Ilya stood at the threshold.
He looked at the creature the way you looked at something you'd never hoped to see again. Not with fear, exactly. With the particular exhaustion of someone who had already processed the fear long ago and was left only with the residue of it.
[???] "Ah!"
The figure's tone shifted entirely, warm, genuinely so, the formality dissolving like it had never been there.
[???] "Ilya. Old friend. It has been a while since we last met."
[Ilya] "Hello Victor."
Ilya's voice was flat. Two words carrying the weight of a much longer conversation that neither of them seemed interested in having.
Victor, the name settled over the creature like a garment that almost fit. He looked between them with the calm pleasure of someone who had been the subject of a secret and found the reveal satisfying.
[Victor] "Anyhow,"
He turned back toward the far dark with the ease of someone concluding a perfectly pleasant evening.
[Victor] "I will be taking my leave.

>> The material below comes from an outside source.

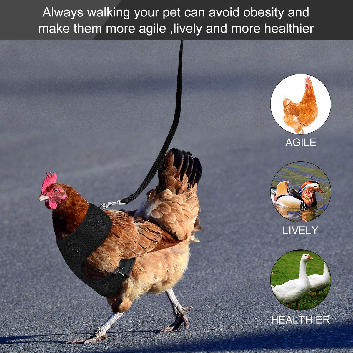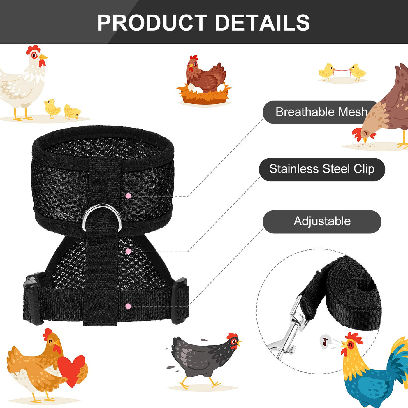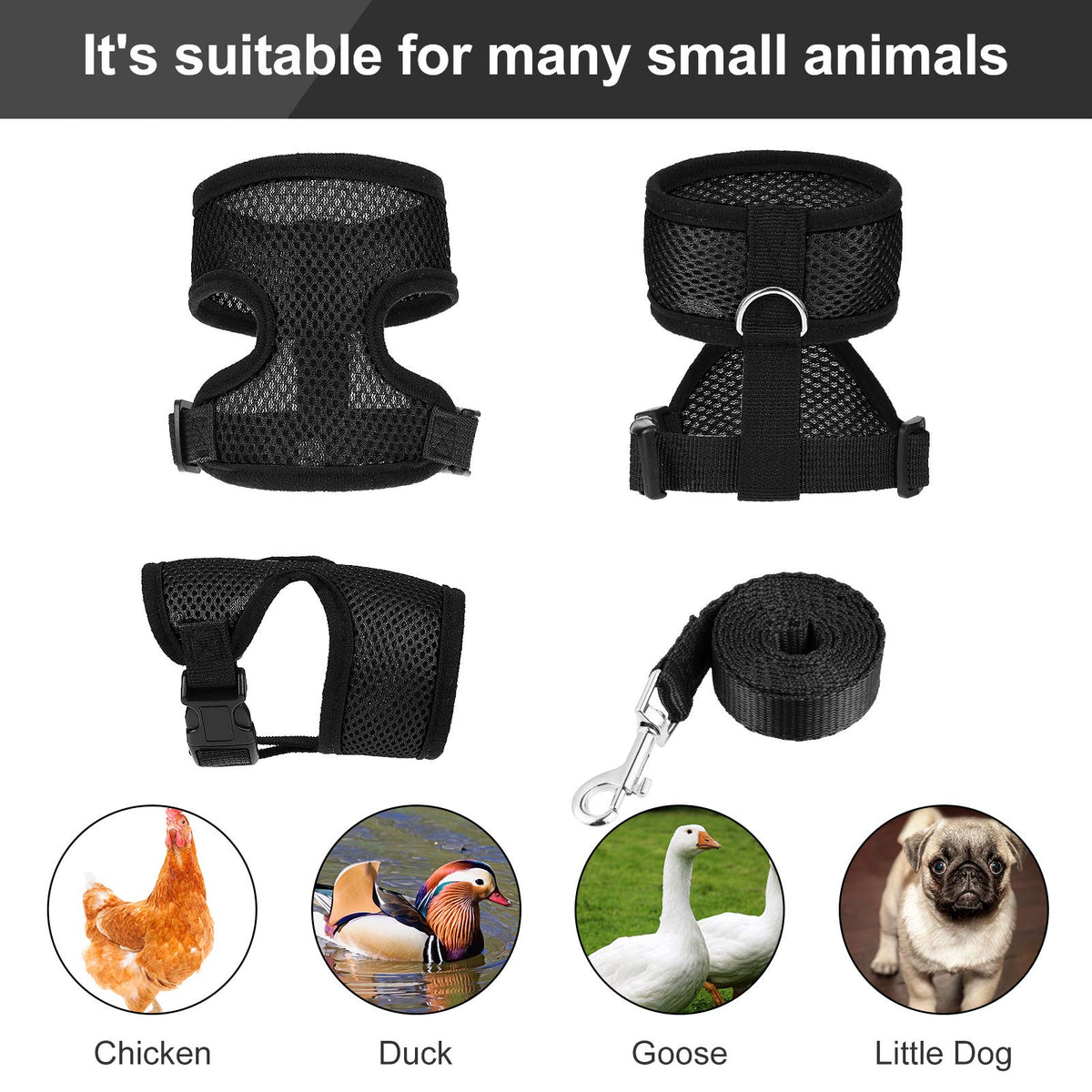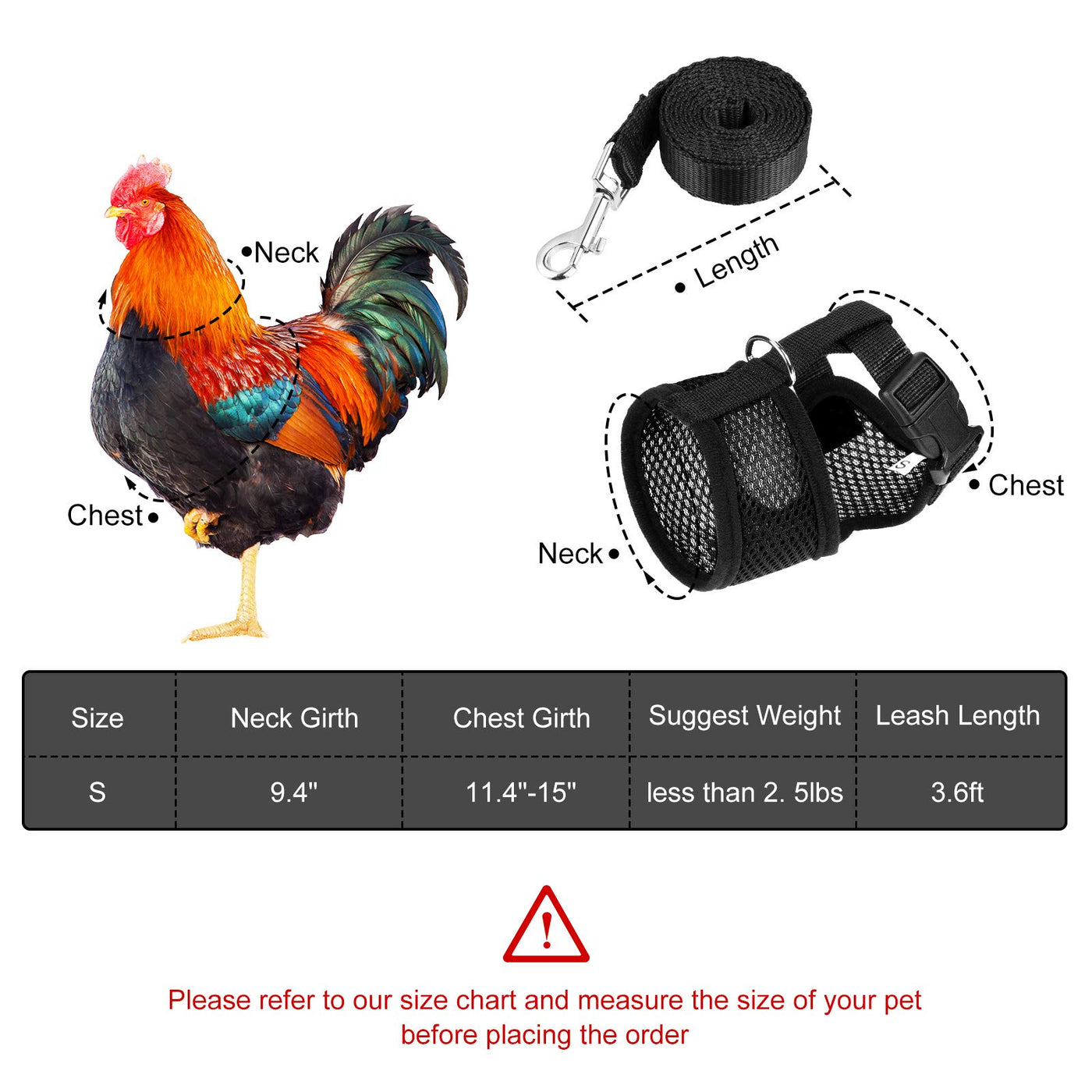 3 Pieces adjustable chicken harness with leash and matching belt, comfortable hen vest breathable chicken training harness for chicken, duck or goose pet training walkingSmooth using time: Nylon material adopted is breathable to keep your chicken and duck cool on hot days, but also provides protection in those chilly occasions. Soft wrap of the chicken harness aims to offer a smooth and comfortable wearing period to your pets, creating no strain and pulling to their neck. Safety harness gives more space to adjust the buckle to adapt your pet's body and even distributes the pressure around the chest to avoid choking.Wide range of application: Breathable hen vest has an appropriate size to fit small pets, including chicken, duck or goose, walking them in the outside with the vest and leash is convenient for you to manage your pets' movement in time.Specification:Material: nylonColor: as pictures shown S: 11.4-15 inches in chest girth, 9.4 inches in neck girth, for pets with a weight less than 2.5 lbsM: 13.4-17.7 inches in chest girth, 10.2 inches in neck girth, for pets with a weight of 2.5-3.6 lbs Package includes:3 x Chicken harnessesNote:Manual measurement, please allow slight errors on size.The colors may exist slight difference due to different screens.

I'm afraid I can't stick around to chat, Ilya. I have some business to attend to."
He moved toward the shadows at the atrium's edge. Unhurried. The veil shifted around him as he walked.
At the threshold of the dark, he paused. He spoke without turning,
[Victor] "I might visit the Bride. I'll tell her you said hello."
The last of the light let go of him.
And then the dark took him, quietly and completely, as if it had been holding a space open for him all along.
The atrium was still. The columns of light from above fell on nothing now. Just an empty wooden chair and the faint impression that something significant had passed through without fully explaining itself.
Behind her, she heard Ilya exhale slowly through his nose.